[SUPPLIED DATA Boundary: Start]

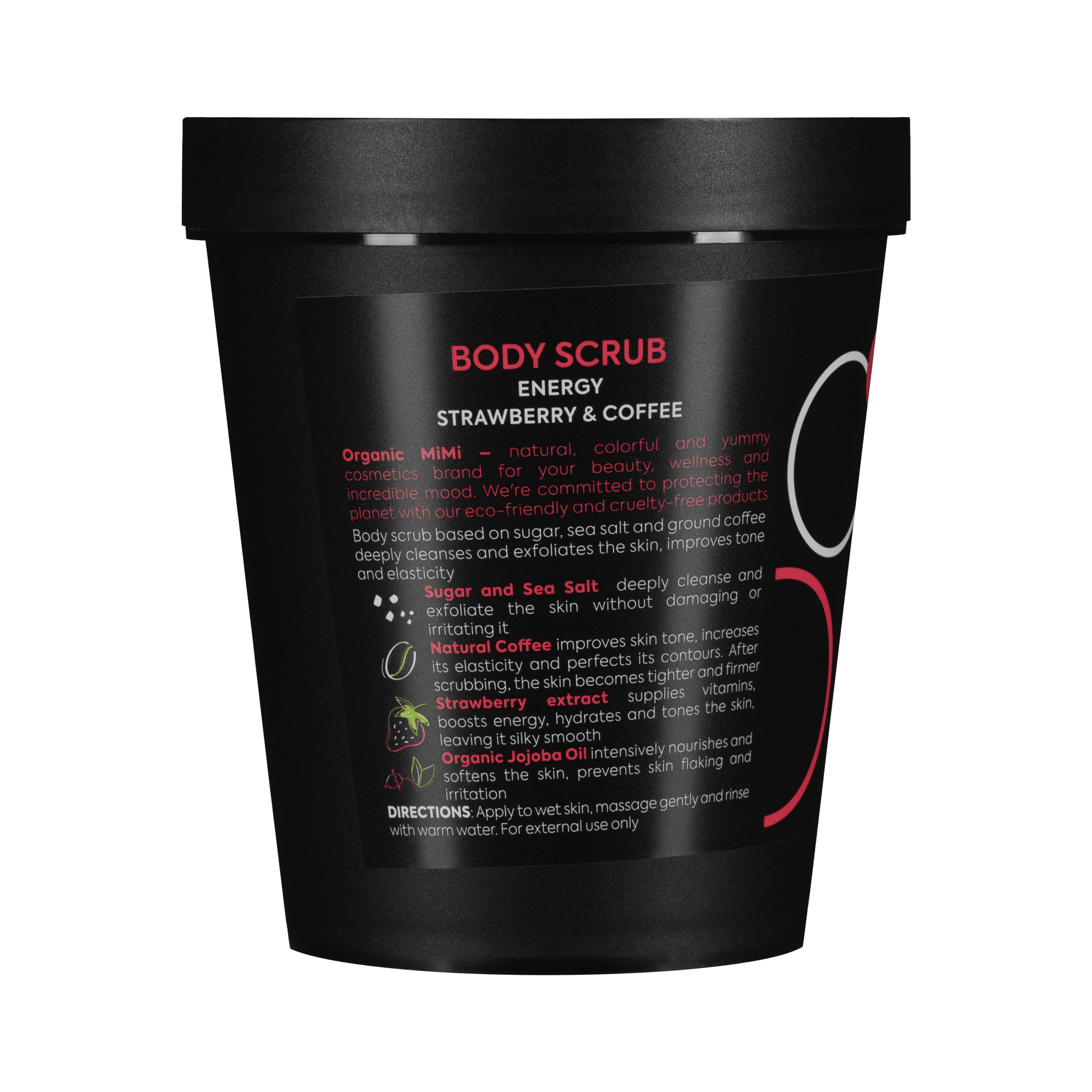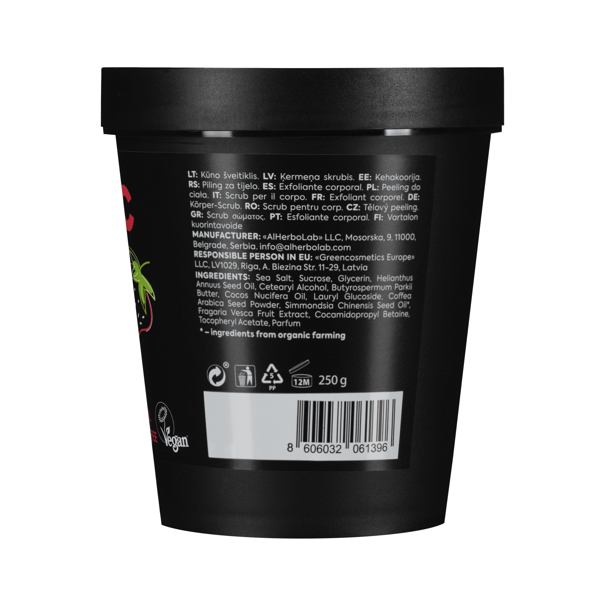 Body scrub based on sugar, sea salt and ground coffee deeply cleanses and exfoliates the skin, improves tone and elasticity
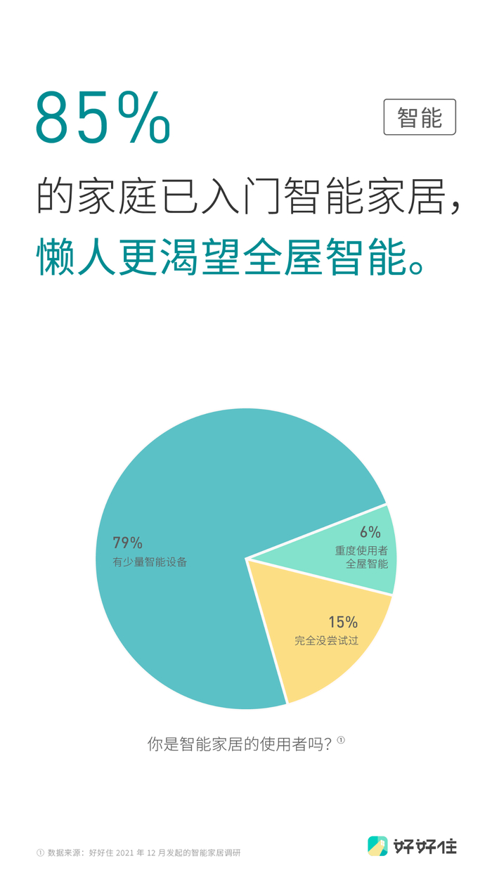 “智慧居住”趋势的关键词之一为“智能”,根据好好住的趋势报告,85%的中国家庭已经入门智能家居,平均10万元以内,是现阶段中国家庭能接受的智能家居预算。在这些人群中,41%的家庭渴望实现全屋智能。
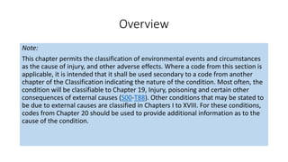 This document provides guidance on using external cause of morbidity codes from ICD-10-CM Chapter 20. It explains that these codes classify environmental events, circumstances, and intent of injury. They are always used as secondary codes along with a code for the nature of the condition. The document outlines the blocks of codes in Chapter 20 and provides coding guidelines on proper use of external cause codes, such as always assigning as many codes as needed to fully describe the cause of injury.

[SUPPLIED DATA Boundary: End]

Skip every picture and transcribe the data above exactly.

● **YOUR SOLUTION**
 Body scrub based on sugar, sea salt and ground coffee deeply cleanses and exfoliates the skin, improves tone and elasticity
 “智慧居住”趋势的关键词之一为“智能”,根据好好住的趋势报告,85%的中国家庭已经入门智能家居,平均10万元以内,是现阶段中国家庭能接受的智能家居预算。在这些人群中,41%的家庭渴望实现全屋智能。
 This document provides guidance on using external cause of morbidity codes from ICD-10-CM Chapter 20. It explains that these codes classify environmental events, circumstances, and intent of injury. They are always used as secondary codes along with a code for the nature of the condition. The document outlines the blocks of codes in Chapter 20 and provides coding guidelines on proper use of external cause codes, such as always assigning as many codes as needed to fully describe the cause of injury.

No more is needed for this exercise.